I went into the Iranian film A Separation expecting a film about, well, a separation. And on its surface, the movie is about the breakdown of a marriage between two upper-middle-class professionals in Tehran, and the effect upon their preteen daughter.

The very first scene gives us a glimpse of proceedings in the Iranian equivalent of family court, where Simin (Leila Hatami) argues for the dissolution of her marriage. She wants to leave Iran and take their daughter.

Nader (Peyman Moaadi) is willing to divorce his wife and allow her to move, but he will not accompany her when he has an aged, Alzheimer’s-afflicted father to care for. And he will not consent to his child leaving the country, either. The unseen judge, determining that grounds for a divorce have not been made out despite both parties’ wishes, orders them to resolve their differences on their own.

From this moment on, the divorce proceedings fade to the background, and A Separationbecomes a complex, engrossing tale about the class, religious, and political divisions of the Islamic Republic of Iran. Simin moves in with her parents, and Nader hires a deeply religious, lower-class woman, Razieh (Sareh Bayat) to take care of his father.

But the caregiver — her adorable kindergarten-aged daughter in tow — doesn’t want her unemployed, depressed husband to know she has taken the job, and she is unsure what to do when her employment duties conflict with her Islamic values. At one point, she even calls a cleric to ask whether it is okay for her to undress and wash Nader’s elderly father. (It is.)

Things take an even darker turn when Nader arrives home early to find his father alone and tied to the bed, from which he has fallen. A confrontation with Razieh results, and it ends with Nader shoving her out of the apartment. Shortly thereafter, she miscarries — and, because she was more than 4 1/2 months pregnant, Nader is accused of murder.

A Separation actually gives the viewer more of a look into Iran’s criminal-justice system than its family courts. Nader and Razieh are hauled into the office of a judge — really, a harried bureaucrat — to argue about what really happened. Investigators accompany the complainant and accused to the apartment, and each party tries to physically demonstrate what happened. For people familiar with the Canadian justice system, the way the Iranians handle such a case is quite startling.

Each party, it turns out, is keeping potentially game-changing secrets from the court and from their respective families. Simin and Nader’s daughter, meanwhile, believes that none of this ever would have happened had her parents not separated.

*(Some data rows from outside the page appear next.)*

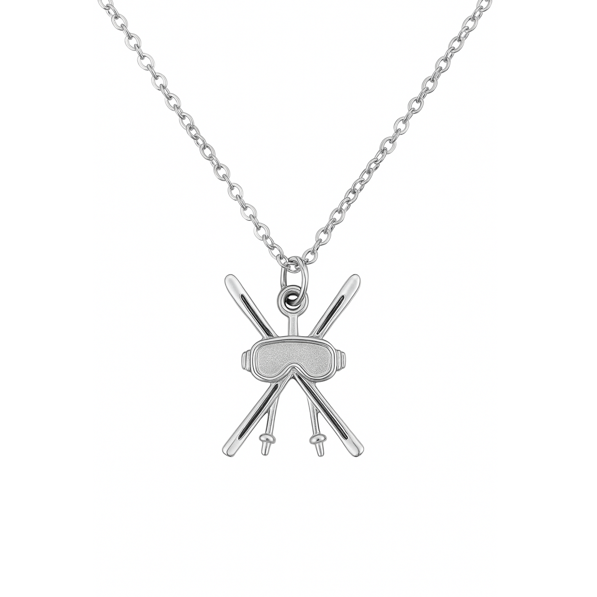 - Ski themed pendant featuring crossed skis, poles and goggles for a fun sporty look
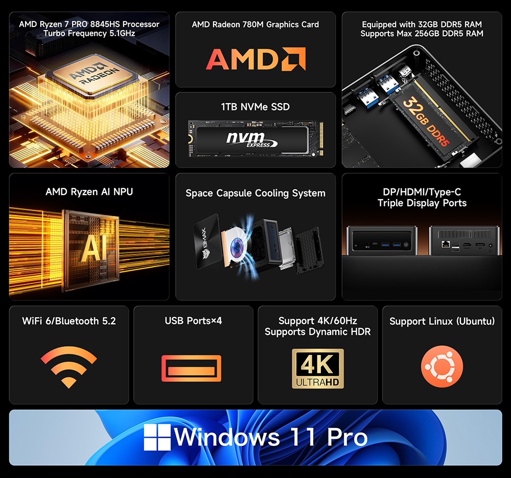 \n\n| Specifikáció | \n\n CPU: AMD Ryzen 7 Pro 8845HS CPU platform: AMD Ryzen AI Mag/ Szálak: 8/16 Frekvencia: Alap 3,8 GHz, Burst 5,1 Hz GPU: AMD Radeon 780M RAM: 32 GB SO-DIMM/DDR5/4800MHz (max. 256 GB) SSD: 1 TB NVMe SSD Előre telepített operációs rendszer: Windows 11 WiFi: WiFi 6 Bluetooth: 5.2 LAN: 2,5 Gbps \n Interfész: 1 x DC 1 x 3,5 mm-es fejhallgató-csatlakozó 2x USB 3.0 2x USB 2.0 1x HDMI 2.1 1 x DP 2.1 1 x teljes funkcionalitású Type-C 1 x RJ45 \nHűtőrendszer: intelligens ventilátor + két réz hőcső \n | \n
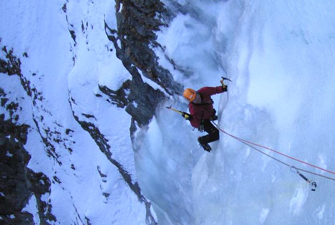 250 m lange Rinne mit Stellen WI 2, dann 2 schwere Seillängen und am Ende wieder leichter.
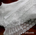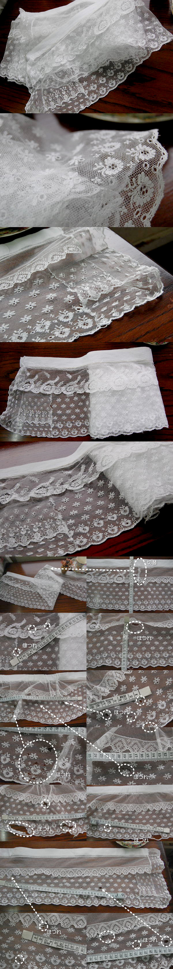 少し硬い感じの糸のコットンチュールレース。写真のようなほつれがありますので、ほつれ部分を避けて、いくつかに切り分けてお使いいただいても。。。 まだまだお使い頂きたいアンティークです♪ ※軽く、漂白・洗濯済みです。
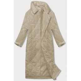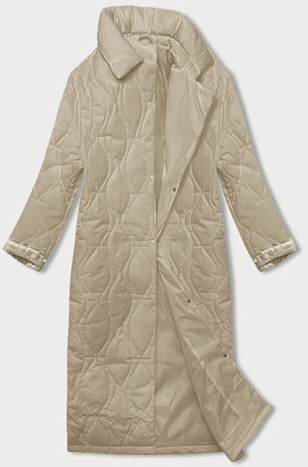 Kabát má volný střih, je lehce zateplený vrstvou syntetické péřové výplně, má dvě kapsy bez zapínání a zapíná se patentkami. Model má délku pod kolena.
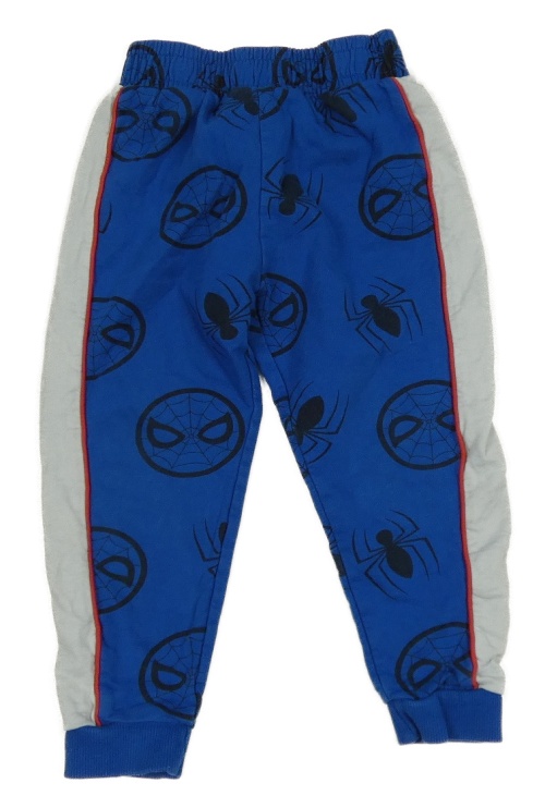 Modré vzorované tepláky so Spidermanem a pruhom

A Separation was made around the same time that Iran was convulsed with clashes between pro-democracy demonstrators and the Islamist government, and the viewer can’t help thinking that Samin and Nader would be among the reformists while Razieh and her husband are part of Mahmoud Ahmadinejad’s political base.

Unsurprisingly, this subject matter proved extremely controversial, and writer-director Asghar Farhadi was forced to leave much of the story untold. It is never fully explained why Samin wants to leave the country, and the viewer is free to speculate about whether family divisions or the likes of Ahmadinejad, or some combination of both, have something to do with it.

Perhaps unintentionally, this actually works in the film’s favour. A Separation turns out to be a film about Iranian people, not the Iranian system of government, and we see just how much the characters have in common with us, despite the less-fortunate conditions under which they live.

In the very last scene, which once again takes place in a family courtroom, the young daughter is asked to choose the parent with whom she wishes to live. In our country, a young girl would not be hauled before a judge and asked to make this decision. But many, many Canadian children would identify with the feeling of being torn between their parents.